1. 6

  2. 6

    Twitter seems to have ~211M daily active users and this says 400 billion events per day.

    I also found a number of close to 10k tweets per second, so that’s 812M tweets per day, averaging 4 tweets per user.

    That’s 2000 events per daily active user or 500 events per tweet. Maybe stop doing so many analytics things? Oh wait, if the goal isn’t actually letting people communicate with each other…

    1. 1

      While I liked your summary, does this include retweets as tweets? How about likes?

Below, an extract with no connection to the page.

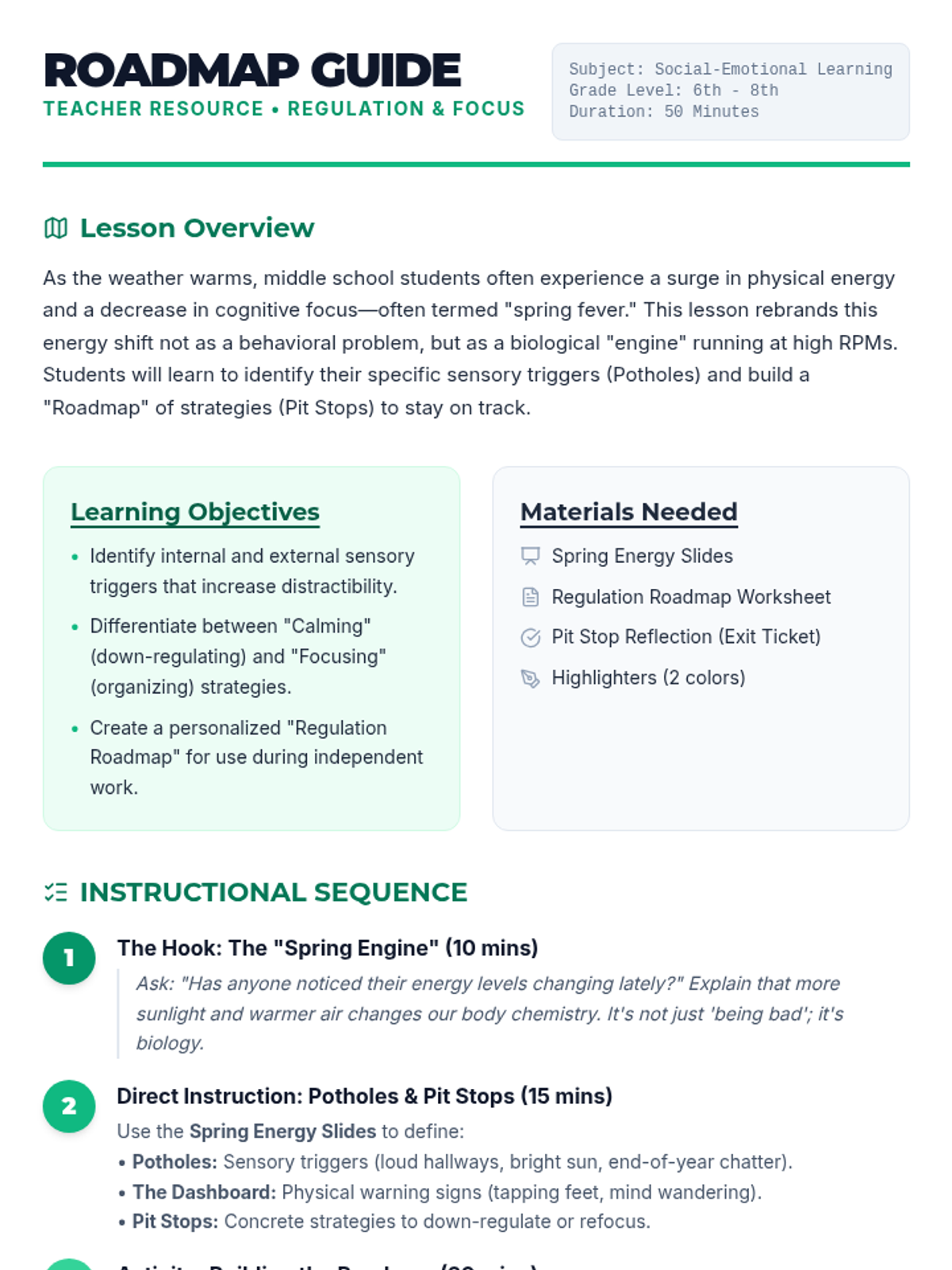 A comprehensive teacher guide for the Spring Energy Roadmap lesson, including learning objectives, materials, instructional sequence, and professional tips for managing middle school classroom energy.

      If 500 people on average like a tweet, or perhaps if hundreds of thousands like some tweets driving the average up, then you can get closer before analytics.

      1. 1

        I know my reply was tongue in cheek and half-hearted, but I actually thought about this for a moment.

        Let’s assume you have a typical pub-sub infrastructure for the events, how do you count? If one tweet is sent to 100 followers you can now either say “I have one event that is sent to 100 consumers” or “I have 100 events”. I’m not saying either way of counting is wrong, but without further details you can easily tune your numbers to say you do “1 billion events” when in reality you send 100 million events to 100 subscribers. It’s complicated ;)

        1. 1

          I think this article is from the data team, so they’re more interested in being able to run queries later. (I assume an “event” is anything they’re interested in knowing, which can extend to non-tweet events like following.) For the actual infrastructure, it was generally measured in tweets (posts) per second, and fan-out rate (how much downstream work does each post generate).

          1. 1

            Fair, but (and I fully agree that this is an edge case) many people, including me, use it as a messenger/microblog with public posts and are still kinda dumbfounded about their scale and bespoke architecture when all we do could indeed be done with the thing they had when we signed up 12y ago, a simple Rails app ;)

    2. 3

      generate petabyte (PB) scale data every day

      And then somebody asks me why I laugh when the IT industry talks about sustainability.

      Looks like twitter gave up and went the “throw stuff at google” route.

      1. 2

        I’d always assumed that Twitter had some magical in-house system running for full-text search. But if the data is backed by BigTable then I wonder how it works? They have a bunch of operators that they support both in the Search API and in their GNIP/Powertrack rules, such as “[term 1] within [n words] of [term 2]”.

        1. 1

          Interesting that they’re starting to offload some of this data work to gcloud now.